Tuesday, June 7, 2011

Advance Synergy gets nod to sell insurance arm.


KUALA LUMPUR: Advance Synergy Bhd (ASB) shareholders have given the company the green light to sell its insurance arm at a mere 1.5 times book value — making it possibly the lowest valuation for such a transaction since the relaxation on foreign shareholding in the industry.

The proposal went through despite it being priced way lower than the recent transactions in the industry — which have been at 2.2 times to 3.3 times price-to-book (PB) value.

To recap, ASB’s unit Advance Synergy Capital Sdn Bhd (Ascap) had proposed to sell its 49% equity interest in Ace Synergy Insurance Bhd (ASIB) to Ace Ina International Holdings Ltd (AIIH) for RM117 million cash. At the EGM yesterday ASB sought shareholders’ approval for the disposal.

           CEO of ASB  Lee Su Nie Unlike other transactions, we are not selling a controlling block.

Last month, Berjaya Corp Bhd unit Berjaya Capital Bhd clinched a deal to sell a 40% stake in Berjaya Sompo Insurance Bhd to its Japanese stakeholder for RM1.24 billion, or 3.3 times book, setting a new benchmark for the industry.

Local insurers have been seeing increased mergers and acquisitions and have begun to attract foreign buyers after the government lifted the quota for foreign ownership to 70% from 40%.

Commenting on ASIB’s disposal, ASB CEO Lee Su Nie said one should not look at the valuation alone when judging whether the sale was a good deal as different transactions in the industry were made in different situations and circumstances.

“The economic scene is different now from that in 2007/08 and unlike other transactions, we are not selling a controlling block.

“You can’t consider only the valuation aspect of this deal,” said Lee after the company’s EGM in Shah Alam yesterday.

The proposed disposal of ASIB arrived from AIIH exercising the call option last February to purchase Ascap’s entire shareholding of 49 million shares or 49% of ASIB.

The call option was pursuant to the amended and restated shareholders’ agreement dated Jan 1, 2009 between ASB, Ascap and AIIH.

AIIH had informed of its intention to expand the operations of ASIB through M&A but Ascap did not want to commit further capital in ASIB or hinder AIIH’s expansion plans.

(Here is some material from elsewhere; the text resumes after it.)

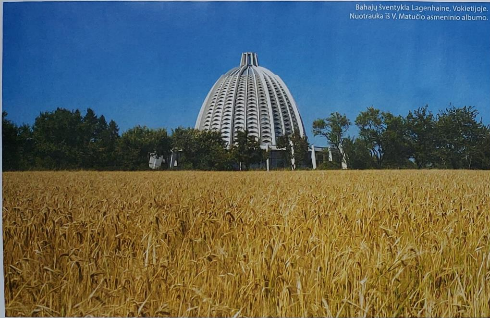
Bahajų šventykla Lagenhaine, Vokietijoje.

jūros, buvo kalbama viena kalba, skyrėsi tik tarmės. Tad tai galbūt būtų lietuvių, ypač senoji kalba, kuri gyva, turtinga, žodis buvo gyvas, save paaiškino ir, anot kai kurių, būtent iš mūsų senosios kalbos kilo sanskritas? Nebūtina.

Therefore, Ascap agreed to the call option.

However, the call option and its exercise was disputed by Ascap on the basis that it was not meant to be acted upon until the occurrence of the underlying transaction and upon Ministry of Finance (MoF) approval pursuant to Section 67 of Insurance Act, 1967.

The dispute was adjudicated by the courts in various legal proceedings between AIIH and Ascap.

After the courts ruled in favour of  AIIH, ASB proposed to seek approval from its shareholders yesterday to dispose of its 49% stake in ASIB.

On Sept 13, Ascap received a letter dated Sept 9, 2010 from Bank Negara Malaysia notifying it that the MoF had approved the proposed disposal without imposing any conditions on the company.

The valuation appears low for ASIB as it was based on its asset value more than three years ago (as at Dec 31, 2007). This compares with ASIB’s net assets as at Dec 31, 2010 of RM230.20 million.

The RM117 million price tag is about as much as ASB’s market capitalisation of RM115.06 million at its close yesterday of 23 sen.

It is also notable that Ascap’s original investment in ASIB in 2003 was RM71 million.

ASB plans to utilise more than half of the proceeds or RM61.6 million to repay borrowings, 47% or RM55 million for working capital and the remainder for the expenses of the exercise, which is expected to be completed by month end.

Lee said now that it has exited the insurance business, ASB plans to strengthen its core businesses, which includes hotels and resorts, travel and tours, property, and ICT.

ASB recorded a net profit of RM3.2 million for FY10 ended Dec 31 against RM30.9 million previously, while revenue came in at RM222.6 million compared with RM226.6 million previously.